A transparent conductive electrode (TCO) may be used as the conductive transparent substrate for the counter electrode 120 according to the present invention. For example, SnO ₂ : F or ITO may be used. But are not limited to, ordinary conductive films well known in the art. Also, the conductive electrode may be at least one selected from the group consisting of FTO (F-doped SnO ₂ : SnO ₂ : F), ITO or metal electrode having an average thickness of 1 to 1000 nm, metal nitride, metal oxide, carbon compound, and conductive polymer A conductive film may be coated. Therefore, as shown in FIG. 2, the counter electrode 120 may include a substrate 101, a conductive film 102 formed on the substrate, and a catalyst layer 121. In addition, since the above method can be performed at a low temperature, the substrate 101 to be used is not only applicable to a commonly used glass substrate, but also applicable to a flexible substrate such as plastic and fiber which should be used in a low temperature environment.

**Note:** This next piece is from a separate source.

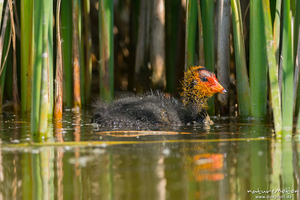 Bläßhuhn, Bläßralle, Fulica atra, Rallidae, Küken im Schilf, Kiessee, A nature document - not arranged nor manipulated, Göttingen, Deutschland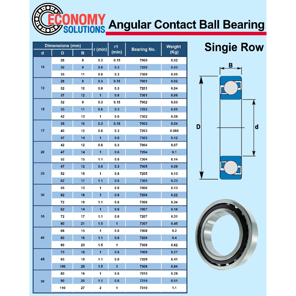 7000 7001 7002 7003 7004 7005 ตลับลูกปืนเม็ดกลมสัมผัสเชิงมุม Angular Contact Ball Bearing (Single Row) ลูกปืนแถวเดียว

(Iii) drying the solvent at a temperature of 60 to 120 DEG C to form a graphene-PEDOT: PSS catalyst layer. According to an electrostatic spray deposition method on a conductive transparent substrate, To form a graphene / PEDOT: PSS layer, followed by a drying step. The drying is not particularly limited and can be appropriately adjusted depending on the type of the solvent used. However, considering the case where the material of the transparent substrate is flexible, that is, a plastic substrate, the drying temperature is preferably in the range of 60 to 120 ° C, and the type of the solvent is also selected in consideration of the drying temperature.

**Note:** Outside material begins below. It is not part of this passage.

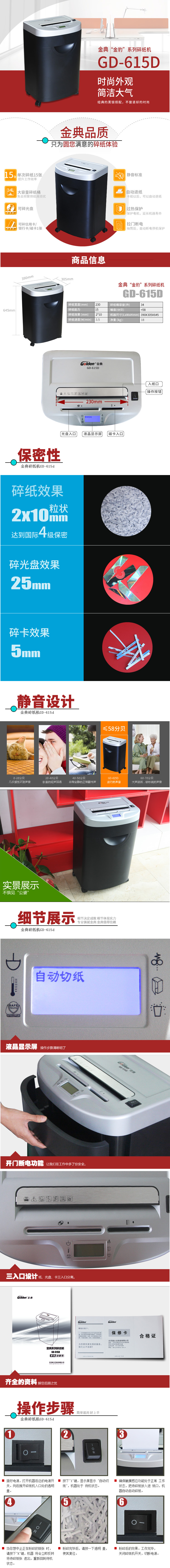 • 商品名稱:金典(GOLDEN)GD-615D 碎紙機 商用碎紙機 高保密碎紙機 國家二級保密認證(kj)

The method for preparing a dye-sensitized solar cell relative electrode according to the present invention comprises: iv) dipping the catalyst layer in a sulfuric acid solution to remove PSS. Generally, in PEDOT: PSS, the part showing electrical characteristics such as conductivity is the PEDOT part. However, since PEDOT has low solubility in solvents, PEDOT: PSS structure is prepared by adding PSS to PEDOT in order to increase the solubility in solvents and improve the utilization. However, when PSS is added, the solubility of the solvent is increased to increase the utilization, but the electrical characteristic is lower than that of the single PEDOT. (PEDOT: 300 to 50 S cm -1, PEDOT: PSS: <1 S cm -1) Therefore, in the present invention, the crystal structure of the catalyst layer is changed by removing PSS using sulfuric acid in the graphene / PEDOT: PSS structure The electric conductivity can be improved by 5 times or more. The sulfuric acid treatment can be performed by immersing in a dilute sulfuric acid solution for 0.5 to 5 minutes.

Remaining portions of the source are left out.